Critique – Corps célestes à la lisière du monde – Jon Kalman Stefansson – Christian Bourgois
Dixième livre de l’auteur islandais traduit en français, « Corps célestes à la lisière du monde », est le premier qui plonge dans un passé aussi lointain.
Nous sommes au début du 17e. C’est de Brunisandur où il a été nommé révérend quelques années plus tôt que Petur a commencé l’écriture d’un longue lettre de près de cinq cents pages à son « exquise » dont on ne connaîtra l’identité qu’au quart du récit.
L’homme a pris ses quartiers dans cette péninsule plantée au milieu des fjords de l’Ouest précédé d’une réputation sulfureuse et soupçonné d’être un peu sorcier.
Censé être exemplaire, ce célibataire a fréquemment commis le péché de chair, de préférence avec des femmes mariées et il a été révoqué à deux reprises.
Grand voyageur, très érudit, il est passionné par les découvertes scientifiques, celles de Copernic, de Galilée et de Kepler, qui avançaient que la Terre tournait autour du Soleil et non l’inverse comme le pensaient les chrétiens. Même si les Réformés furent moins virulents à l’égard des héliocentriques que les papistes.
Ses « veines » étaient « d’ailleurs irriguées d’un sang impie, descendant d’elfes et du fameux Narfi. »
Des rencontres opportunes l’ont pourtant toujours tiré d’affaire. Jusqu’à ce qu’il dénonce l’horrible massacre de marins espagnols chasseurs de baleines par des Islandais menés par un bailli féroce et manipulateur capable de faire jaillir dans le peuple ses plus bas instincts. Cet événement est inspiré de faits réels.
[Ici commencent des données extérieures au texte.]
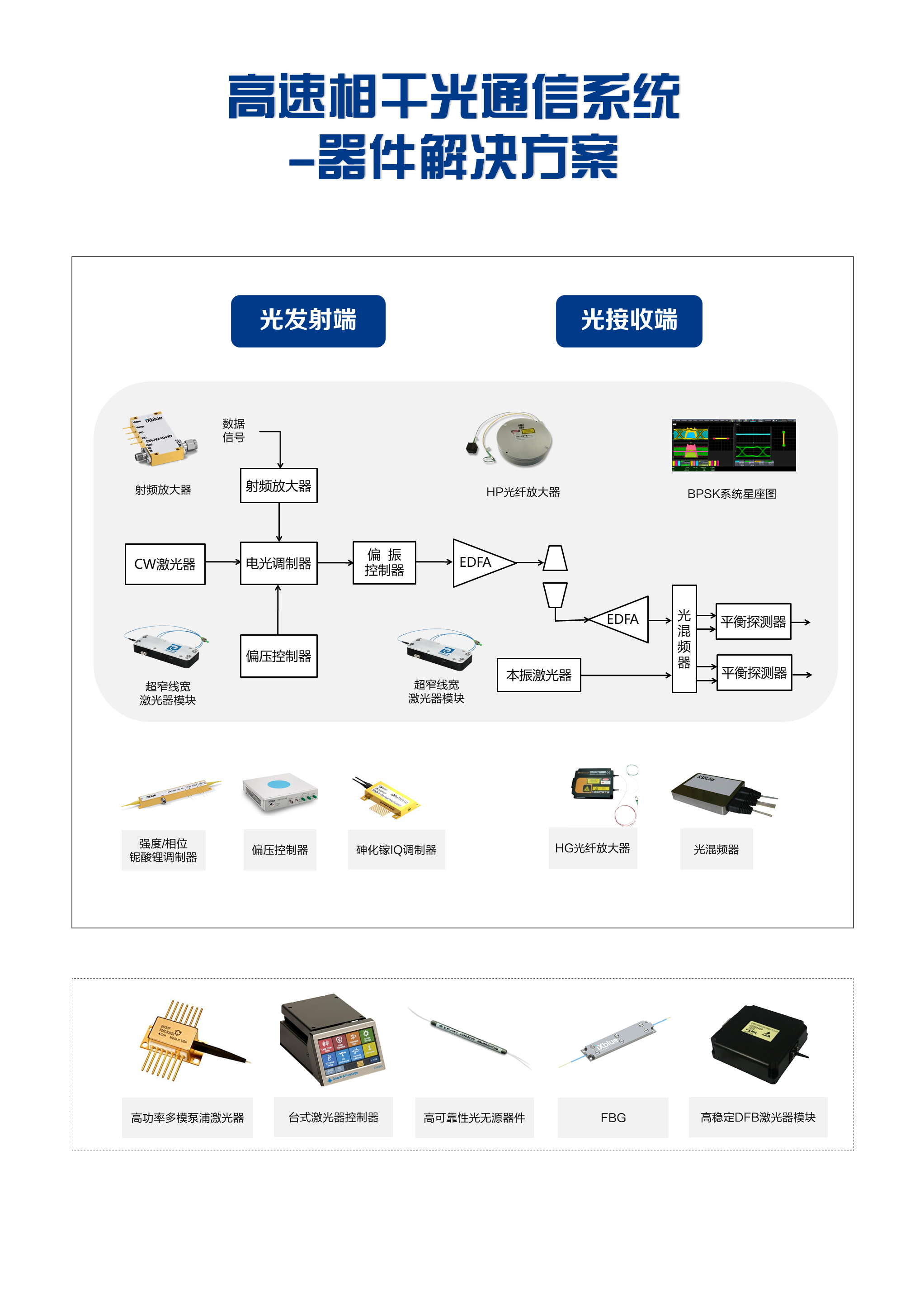 该解决方案由光发射端的窄线宽激光器模块、电光调制器、偏振控制器、光放大器、光混频器、探测器等器件组成。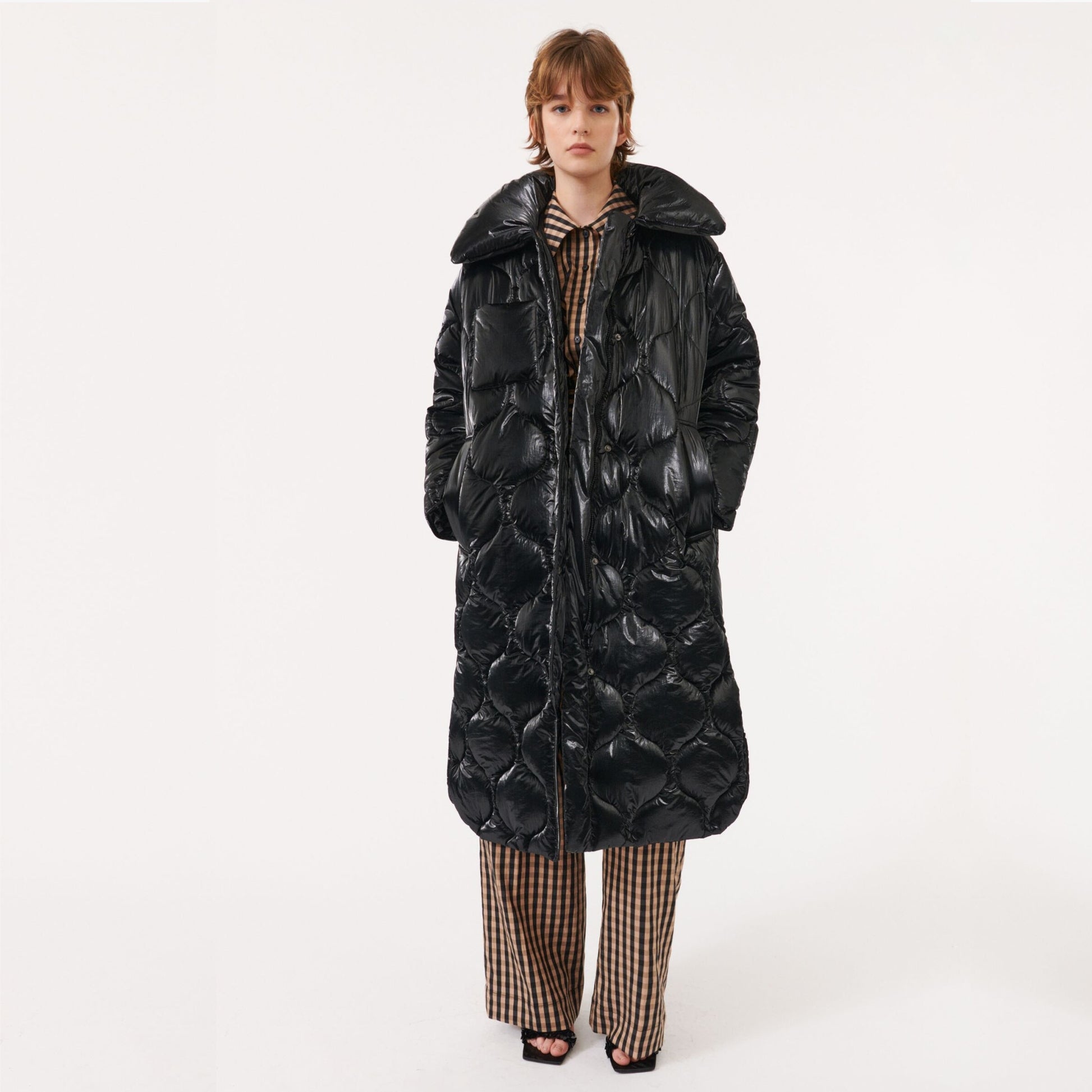 Baum und Pferdgarten is a Copenhagen-based label known for coveted collections embodying an ageless and exclusive approach to clothing and producing beautiful materials, bold colours, and striking prints. Update your winter wardrobe with a statement coat from Baum und Pferdgarten. Crafted in a chic black shade, this coat features a quilted design with long sleeves, contrasting black popper button fastenings, a breast pocket, and side pockets. Wear this coat over your casual looks this season to add some colour to your look.

Le quadragénaire qui doute sans cesse est confronté à de nombreux dilemmes ainsi qu’à la fureur du monde qui le tourmentent et l’assaillent sous la forme de cauchemars hantant ses nuits :
- ses amours contrariées qui sont autant de fautes auxquelles il ne parvient pas à résister ;
- ses positions avant-gardistes sur la science qui n’altèrent pourtant pas sa foi chrétienne, celle en un homme qui aimait les exclus ;
- et surtout son rapport à la vérité, à la justice, à la tyrannie et à la résistance ainsi que sa culpabilité obsédante. Il relaie les questions qui taraudent ses ouailles sans avoir forcément les réponses : « ne doit-on pas obéir aux autorités auxquelles nous sommes soumis, sachant qu’elles sont instituées par Dieu et que celui qui s’oppose à la parole de l’autorité résiste au Seigneur ? » Même si son histoire se déroule il y a cinq siècles, cette longue prière est une ode à la littérature comme refuge et trace des humbles existences dans un pays amoureux des mots résonne singulièrement avec notre époque entretenant notre inclination à la servitude volontaire ainsi que la peur et la haine de l’autre. Elle souligne aussi combien la nature humaine, traversée par le bien et le mal et plus encline à succomber aux mensonges plutôt qu’à la réalité, est intemporelle. Dans une langue toujours aussi magnifique exaltant la beauté des paysages et des sentiments, la spiritualité et la sensualité, mais aussi la violence des éléments et des hommes, Jon Kalman Stefansson a le don de saisir le lecteur pour lui faire partager émotions et indignations, celles de Petur, personnage attachant comme le sont de nombreux protagonistes de ce récit envoûtant parmi lesquels on peut citer : Dorothea, la servante de compagnie du pasteur, une femme lettrée, inflexible et clairvoyante qui aide son maître à dévoiler la vérité ; Katrin, l’amoureuse résignée ; Helga, la femme inaccessible et loyale ; Sappho, la fidèle chienne au cœur pur dénommée ainsi par Petur en hommage à la poétesse grecque… Il est sans conteste l’un des plus grands écrivains vivants.
EXTRAITS
- Ne rendez à personne le mal pour le mal.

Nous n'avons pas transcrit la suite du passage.